For the full year 2015, we expect the change to have no impact on our consolidated GAAP results, as the expected reduction in service and interest cost and corresponding increase in actuarial gains and losses will not change our annual net periodic benefit cost.  Our segment operating results for the year are not expected to be significantly impacted by the change.  Absent the need for any interim remeasurement of the Company's benefit obligations, we estimate the impact of the change on our consolidated GAAP results for each 2015 interim reporting period to be a reduction of net periodic benefit cost of approximately $260 million, resulting in an increase to net income of $160 million.  On a non-GAAP basis, the change is expected to increase adjusted operating income and adjusted EBITDA by approximately $1.0 billion, increase adjusted net income by approximately $650 million and increase adjusted diluted EPS by approximately $0.11 for the year ending December 31, 2015.

3.
We note that you have accounted for the change as a change in accounting estimate effected by a change in accounting principle.
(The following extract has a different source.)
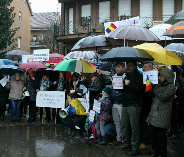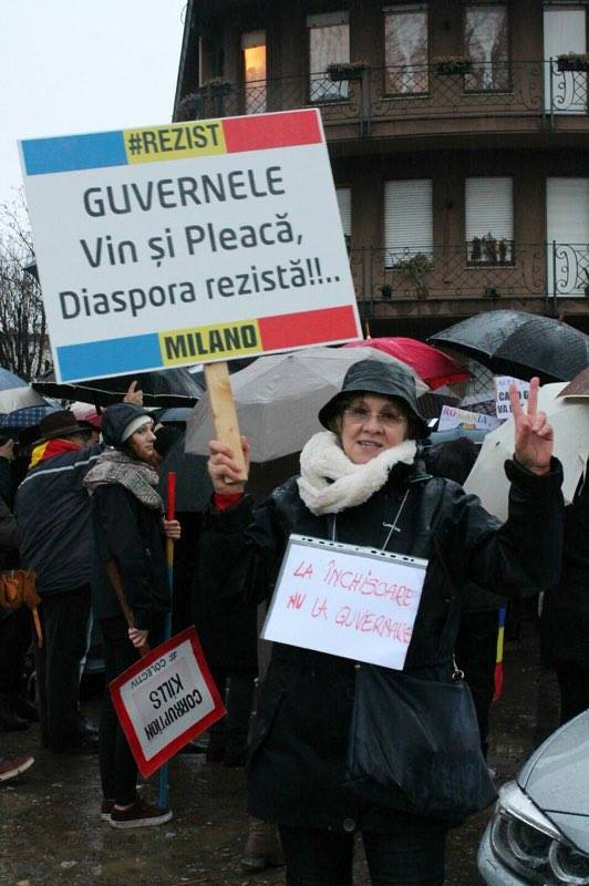 Aceștia au cântat imnul României în fața Consulatului Român din Milanoși auafișat pancarte cu mesaje precum "Altă întrebare. Când gândiți, va doare?", "Ați legalizat hoția", "Nu furtului!", "Nu ne puneți pe drumuri. Noi venim și suntem 3 milioane. Tuturor nu e dor de România!", "Ați legalizat hoția", "La închisoare, nu la guvernare".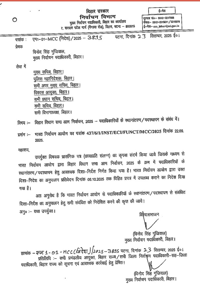 पटना। बिहार में विधानसभा चुनाव की तैयारी ने रफ्तार पकड़ ली है। चुनाव की घोषणा कभी भी हो सकती है। इसी बीच निर्वाचन आयोग ने राज्य सरकार को बड़ा निर्देश जारी किया है। आयोग ने मुख्य सचिव, डीजीपी, विकास आयुक्त और सभी प्रधान सचिवों को पत्र भेजकर कहा है कि राज्य में अधिकारियों और कर्मचारियों के तबादले की प्रक्रिया 6 अक्टूबर तक हर हाल में पूरी कर ली जाए। निर्वाचन आयोग का मानना है कि निष्पक्ष चुनाव के लिए प्रशासनिक अमले में बदलाव बेहद जरूरी है। निर्देश के अनुसार जिन अधिकारियों या कर्मचारियों का कार्यकाल 30 नवंबर 2025 तक तीन साल पूरा हो रहा है उनका ट्रांसफर अनिवार्य होगा। साथ ही किसी भी अधिकारी को उनके गृह जिले में पोस्टिंग नहीं दी जाएगी ताकि चुनावी प्रक्रिया में कोई पक्षपात न हो।

Please explain to us your basis for accounting for the change in this manner, rather than a change in estimate or a change in accounting principle, as defined in ASC 250-10.

Response:

We concluded that adoption of the full yield curve approach was a change in accounting estimate that is effected by a change in accounting principle, as defined in ASC 250-10-45-18, and accordingly accounted for the preferable change prospectively.  The effect of the change in accounting principle, or the method of applying it, is inseparable from the effect of the change in accounting estimate.  The use of the full yield curve approach is a change in the method used to calculate the assumed discount rate to estimate the service and interest cost components of net periodic benefit cost, while utilizing the same information as under our previously applied method.  That is, there is no change in the underlying information used to estimate the service and interest cost.
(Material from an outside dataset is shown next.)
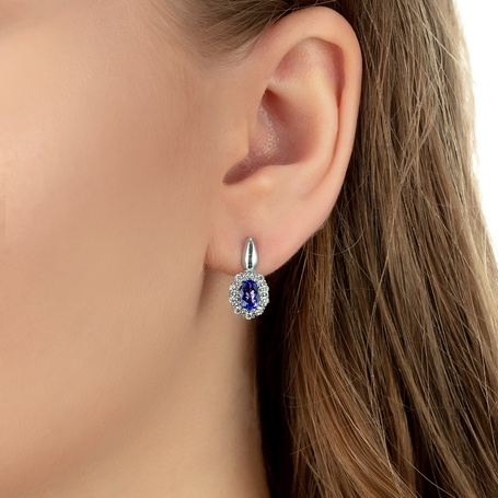 Серьги из серебра 925 пробы с танзанитами и фианитами

As identified in ASC 250-10-45-18 "distinguishing between a change in an accounting principle and a change in an accounting estimate is sometimes difficult."  When evaluating this change, we concluded that it is similar to changing the depreciation method for a long-lived, nonfinancial asset, which the FASB cited as an example of a change in estimate effected by a change in accounting principle.  Specifically, ASC 250-10-45-19 explains that an entity may be justified in making a change in estimate effected by a change in accounting principle when it concludes that the pattern of consumption of the expected benefits of an asset has changed, and it determines that a new depreciation method better reflects that pattern.  Similarly, we concluded that the change to the full yield curve approach was made as part of the continuing process of using the best available information and methods to apply that information to reflect our estimate of the service and interest cost components of the Company's net periodic benefit costs.  We considered this change to be similar to a change from the use of a composite depreciation method to the use a component depreciation method, with both resulting in more precise computations. Specifically, our change moves from a computation that accretes the entire benefit obligation using a weighted average factor to individual computations for each annual payment obligation.

We also note that accounting for this change as a change in estimate effected by a change in accounting principle results in increased transparency to our investors and other users of our financial statements compared to accounting for the change solely as a change in estimate. As a result of concluding that this change is a change in estimate effected by a change in accounting principle, we were required to conclude that the change is preferable, include a preferability letter from our independent registered public accounting firm and include additional disclosures in our financial statements. These items would not have been communicated to our investors or other users of our financial statements had we determined that the change is a change in estimate. For a company that immediately recognizes actuarial gains or losses, concluding that the change is a change in estimate would not have resulted in any changes to the balance sheet, income statement and statement of cash flows when compared to a change in estimate effected by a change in accounting principle.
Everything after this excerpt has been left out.